I am a lesbian in a long-term relationship with a woman who was sexually abused by her stepfather from an early age (5-15). She is getting therapy, but it is still in the early stages and not yet focused on her abuse. I love her dearly and have tried to be supportive in so many ways, but lately I’ve been having problems coming to terms with her boundary issues. She flirts a lot, and this is not a problem—except she doesn't seem to have an internal compass for knowing when she has gone too far. I have discovered some of her online conversations and found them to be very hurtful, as she says things I consider to be highly inappropriate (including things of a personal and sexual nature). And she has been keeping the nature of her “relationship” with this person secret, even though it is supposed to be innocent. She explained this as not wanting me to get upset and jealous, and tried to find ways to make it acceptable. When I try to talk to her about this, she denies that it is serious and gets so angry it causes a relationship meltdown. She blames the other person for initiating it and says she didn't mean anything by what she said. She has trouble talking about things anyway, but I try to understand that this is who she is. It is not the only thing she oversteps boundaries with, and I realize that survivors of childhood sexual abuse have problems with this, but I am at a loss as to what the best way to handle this is. My questions are: Do I try to get her to admit it and apologize? Not working. Do I ignore it and let it continue? I go into complete meltdown and distrust. She says she loves me and has tried to make amends in other ways by paying me more attention, etc., and has grudgingly admitted that maybe she was wrong. But how do I trust again? Will she ever understand? - Unheard
Thank you so much for writing to GoodTherapy.org about this important and painful relationship issue. I appreciate your courage, your ability to reach out, and your clear and elegant portrayal of the consequences of child abuse.

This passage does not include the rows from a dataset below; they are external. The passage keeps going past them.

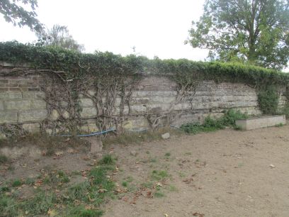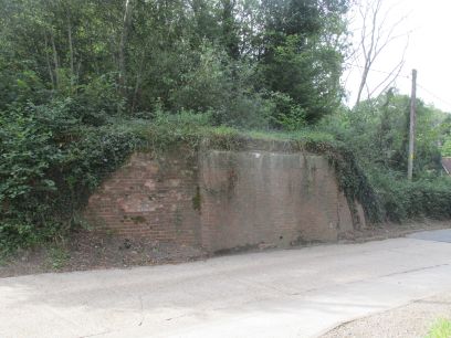 For a while the Worth Way leaves the route of the railway while it runs across farmland. It was in a cutting at this point, now filled in, and we were interested to see remains of a bridge carrying pipework and another bridge on the farmers lane protruding out.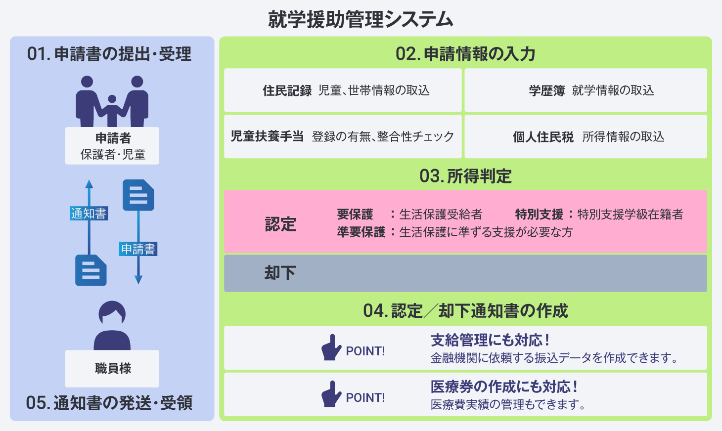 児童生徒の就学援助費(就学奨励費)の認定請求を受け付け、就学援助(要保護、準要保護、特別支援)の申請~認定~喪失を管理し、各費目の支給を管理します。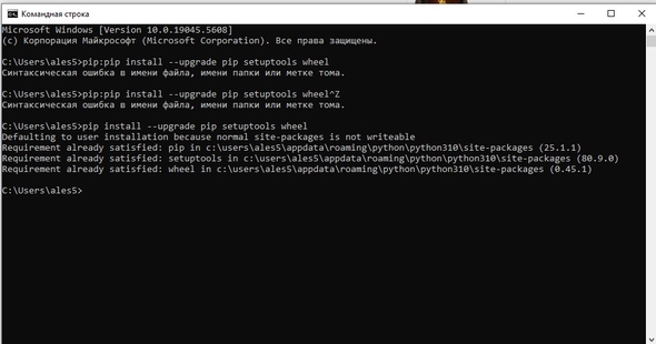 3. Обновление pip и setuptools Иногда проблема может быть связана с устаревшей версией pip:pip install --upgrade pip setuptools wheel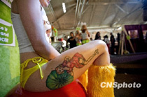 2009年10月23日,澳大利亞悉尼,來自紐約的全男班惹笑芭蕾舞團The Trocks在噴泉邊起舞。高超的足尖技巧,優美的芭蕾舞姿,加上怪異的動作滑稽的表情,這些美國男子芭蕾演員們用一種另類的表現力顛覆了人們心中優雅高貴的印象,讓觀眾欣賞傳統以外的男扮女裝芭蕾舞表演。

You write that your partner was sexually abused for 10 years, from ages 5 to 15—I cannot imagine a more destructive atmosphere in which to grow up, unprotected and used by others, left to deal with the unthinkable all alone. I imagine that she must be suffused with feelings of shame, rage, and confusion. How lucky she is to have found you.
I am pleased that she is in treatment; this is a heroic step which not everyone is able to take, and perhaps your encouragement has helped her make it. As you say, treatment takes time, especially in an issue as difficult as this, a long-lasting experience of abuse and betrayal by the very people who were supposed to be most caring—her mother and her stepfather. I include her mother because I don’t imagine it possible that her mother did not at least suspect what was going on. Your partner was raised by people with deep emotional problems, who had no internal compass, sense of ethics, or the ability to perceive and respect boundaries.
Now she has finally found a caring, kind and respectful person—you—and you feel betrayed, too, as she breaks the boundaries of your relationship by acting in ways that imply she may be unfaithful. Now your boundaries are being trampled.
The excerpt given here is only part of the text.